Watch Half A Field Of Mazda MX-5 Cup Cars Wreck

At the second round at Daytona, the MX-5 Cup had its own little Big One on the first lap
Mazda MX-5 Cup crash
Mazda MX-5 Cup crash

This weekend, the 2025 circuit racing season gets underway with the 24 Hours of Daytona, but before the field of Hypercars and GT3 racers gets out onto the famous banking, there’s some support racing to be done.

This includes the Mazda MX-5 Cup, which is what it sounds like – a one-make series using near-standard Mazda MX-5s. This, as you’d imagine, almost always results in spectacularly close racing.

Mazda MX-5 Cup field, prior to crash
Mazda MX-5 Cup field, prior to crash

Daytona’s an interesting track for them, because as well as wiggling in and out of the infield, the Sports Car Course makes use of almost all of the high-banked speedway sections used by NASCAR.

This leads to low-downforce cars like MX-5s acting out a kind of cuter, slower version of a NASCAR oval race, bump-drafting their way around the Floridian speedway. Or in the case of the second of two 2025 races, having their very own NASCAR-style Big One incident at the very beginning of the race.

Remote video URL

The incident begins when the 35-car field is tightly bunched together for a rolling start.

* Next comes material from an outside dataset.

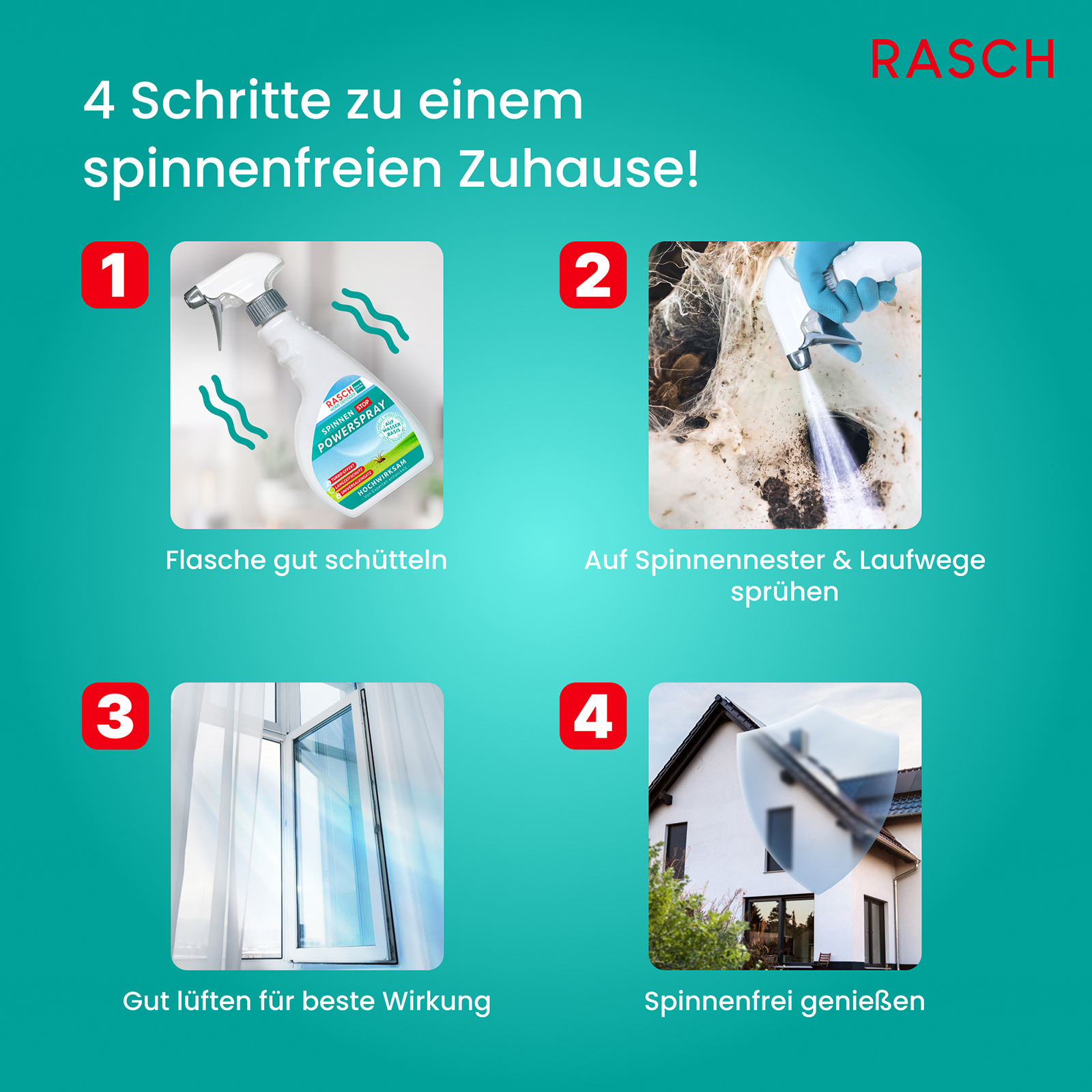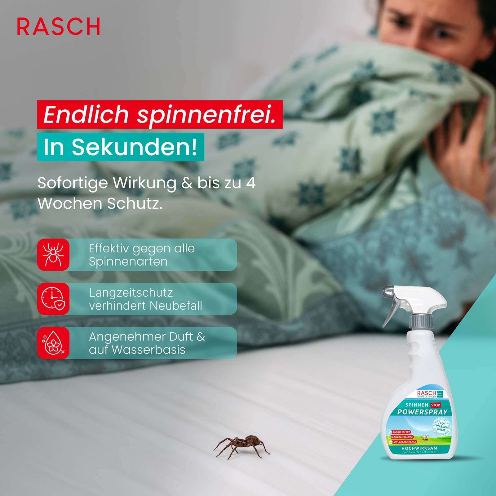 La solution efficace contre les araignées domestiques ! Bien agiter avant l'application et vaporiser à 30 cm sur les zones concernées. Aérer ensuite soigneusement les pièces et les textiles traités pendant 2 à 3 heures. Flacon vaporisateur de 500 ml

As the green flag drops, the blue number 27 car lining up in fifth place gets a bit eager on the throttle, immediately rubbing up against the rear bumper of the number 33 ahead of it. The pack’s barely crossed the start line when this contact sends the #33 spearing off to the right, collecting the car beside it and sending both off into the barrier.

It’s when the pair bounce back into the path of the rest of the field that all hell breaks loose. A chain reaction ensues, with very few cars making it through the carnage unscathed. 17 cars – almost half the entire field – were caught up in the chaos, with 15 retiring.

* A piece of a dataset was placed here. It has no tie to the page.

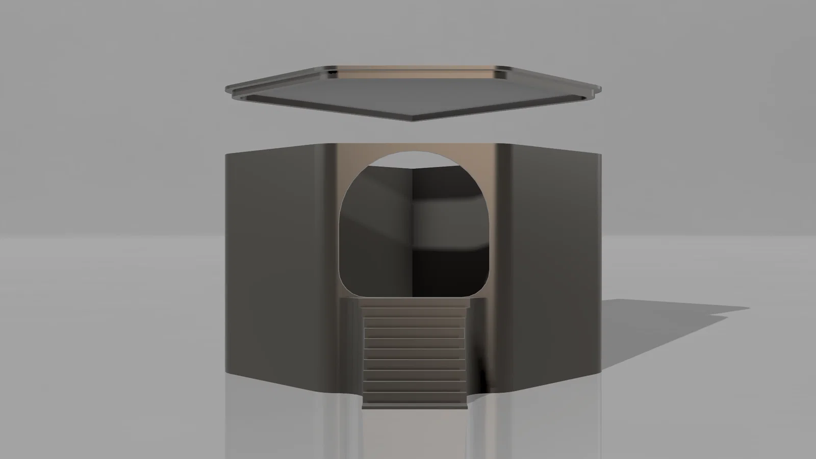 Mang đến cho bé hamster không gian tắm cát sạch sẽ, hiện đại với thiết kế lục giác có bậc thang và nắp rời tiện lợi. Sản phẩm dễ in, giúp hạn chế vương vãi cát và giữ vệ sinh cho chuồng nuôi hiệu quả.

The incident that triggers the pileup
The incident that triggers the pileup

It’s reminiscent of the kind of high-speed wrecks that happen in NASCAR superspeedway races, but in slow motion and with fewer scary airborne flips. The driver of the #27, rookie Helio Meza, was handed a drive-through penalty for his role in causing the pile-up.

Most importantly, it seems that everyone involved in the carnage is okay, and despite a significantly reduced field, a properly exciting race still ensued. If you do one thing for yourself in 2025, make it watching the MX-5 Cup – it’s all live-streamed on YouTube, so what’s stopping you?